You should use '$or' operator , and two seperate queries : one to select the documents with attr value equal to required value, and other query to match documents where attr is null, or attr key does not exist ( using $exists operator )

Can the MongoDB aggregation framework $group return an array of values?

How flexible is the aggregate function for output formatting in MongoDB?
Data format:
{
"_id" : ObjectId("506ddd1900a47d802702a904"),
"port_name" : "CL1-A",
"metric" : "772.0",
"port_number" : "0",
"datetime" : ISODate("2012-10-03T14:03:00Z"),
"array_serial" : "12345"
}
Right now I'm using this aggregate function to return an array of DateTime, an array of metrics, and a count:
{$match : { 'array_serial' : array,
'port_name' : { $in : ports},
'datetime' : { $gte : from, $lte : to}
}
},
{$project : { port_name : 1, metric : 1, datetime: 1}},
{$group : { _id : "$port_name",
datetime : { $push : "$datetime"},
metric : { $push : "$metric"},
count : { $sum : 1}}}
Which is nice, and very fast, but is there a way to format the output so there's one array per datetime/metric? Like this:
[
{
"_id" : "portname",
"data" : [
["2012-10-01T00:00:00.000Z", 1421.01],
["2012-10-01T00:01:00.000Z", 1361.01],
["2012-10-01T00:02:00.000Z", 1221.01]
]
}
]
This would greatly simplify the front-end as that's the format the chart code expects.
Combining two fields into an array of values with the Aggregation Framework is possible, but definitely isn't as straightforward as it could be (at least as at MongoDB 2.2.0).
Here is an example:
db.metrics.aggregate(
// Find matching documents first (can take advantage of index)
{ $match : {
'array_serial' : array,
'port_name' : { $in : ports},
'datetime' : { $gte : from, $lte : to}
}},
// Project desired fields and add an extra $index for # of array elements
{ $project: {
port_name: 1,
datetime: 1,
metric: 1,
index: { $const:[0,1] }
}},
// Split into document stream based on $index
{ $unwind: '$index' },
// Re-group data using conditional to create array [$datetime, $metric]
{ $group: {
_id: { id: '$_id', port_name: '$port_name' },
data: {
$push: { $cond:[ {$eq:['$index', 0]}, '$datetime', '$metric'] }
},
}},
// Sort results
{ $sort: { _id:1 } },
// Final group by port_name with data array and count
{ $group: {
_id: '$_id.port_name',
data: { $push: '$data' },
count: { $sum: 1 }
}}
)
MongoDB 2.6 made this a lot easier by introducing $map, which allows a simplier form of array transposition:
db.metrics.aggregate([
{ "$match": {
"array_serial": array,
"port_name": { "$in": ports},
"datetime": { "$gte": from, "$lte": to }
}},
{ "$group": {
"_id": "$port_name",
"data": {
"$push": {
"$map": {
"input": [0,1],
"as": "index",
"in": {
"$cond": [
{ "$eq": [ "$$index", 0 ] },
"$datetime",
"$metric"
]
}
}
}
},
"count": { "$sum": 1 }
}}
])
Where much like the approach with $unwind, you supply an array as "input" to the map operation consisting of two values and then essentially replace those values with the field values you want via the $cond operation.

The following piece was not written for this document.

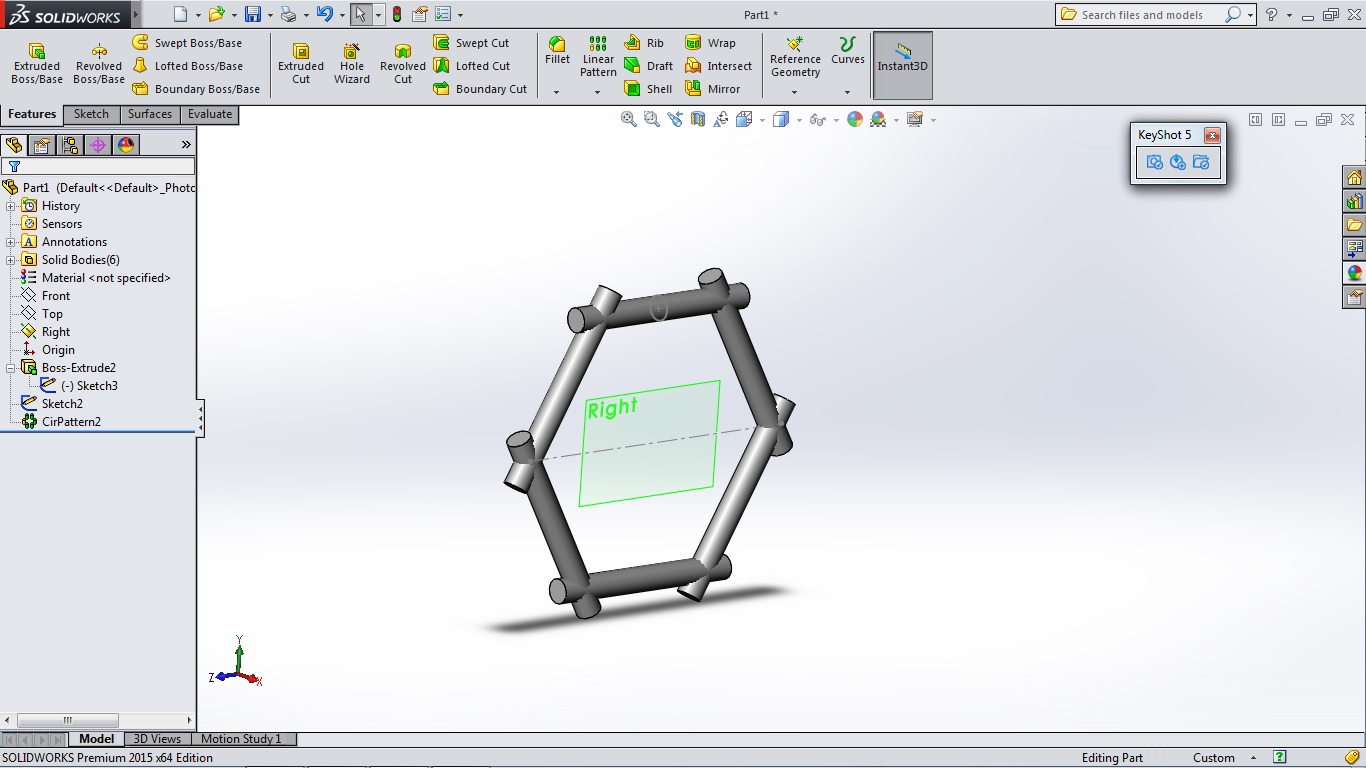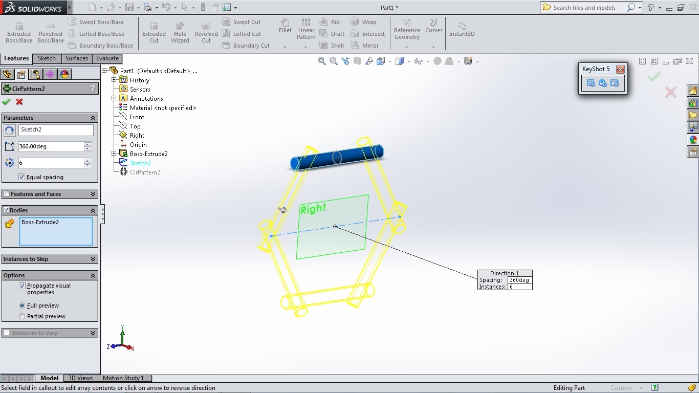 when i am modeling a carrot washer i encounter this its kinda weird, i attached photos for your references. When i use circular pattern it does not do what i want. it should look like the 6 rod in circle but it was pattern in hexagon form.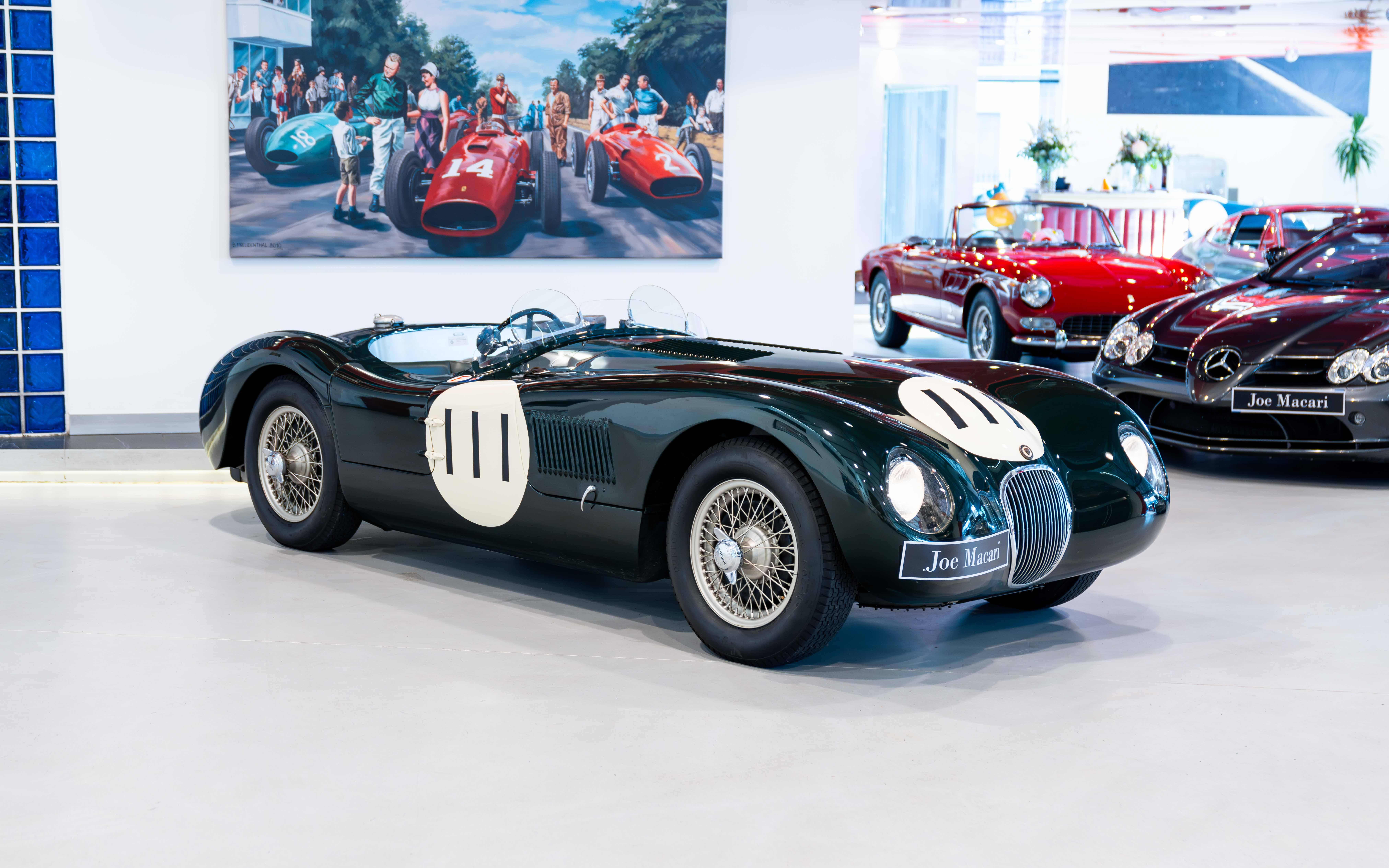 From its sensational debut victory at Le Mans in 1951 to a repeat triumph in 1953, the C-Type established Jaguar as a dominant force on the world stage. With only fifty-three examples built, it remains one of the most desirable and significant competition cars ever made. Among its early admirers were three Formula One World Champions, Guiseppe Farina, Alberto Ascari and Juan-Manuel Fangio, all of whom chose to own C-Types as road cars. At its introduction the model represented the very best of contemporary engineering and was among the most advanced road vehicles of its time.

This actually removes all the pipeline juggling required to transform the document as was required in previous releases and just leaves the actual aggregation to the job at hand, which is basically accumulating per "port_name" value, and the transformation to array is no longer a problem area.
Building arrays in the aggregation framework without $push and $addToSet is something that seems to be lacking. I've tried to get this to work before, and failed. It would be awesome if you could just do:
data : {$push: [$datetime, $metric]}
in the $group, but that doesn't work.
Also, building "literal" objects like this doesn't work:
data : {$push: {literal:[$datetime, $metric]}}
or even data : {$push: {literal:$datetime}}
I hope they eventually come up with some better ways of massaging this sort of data.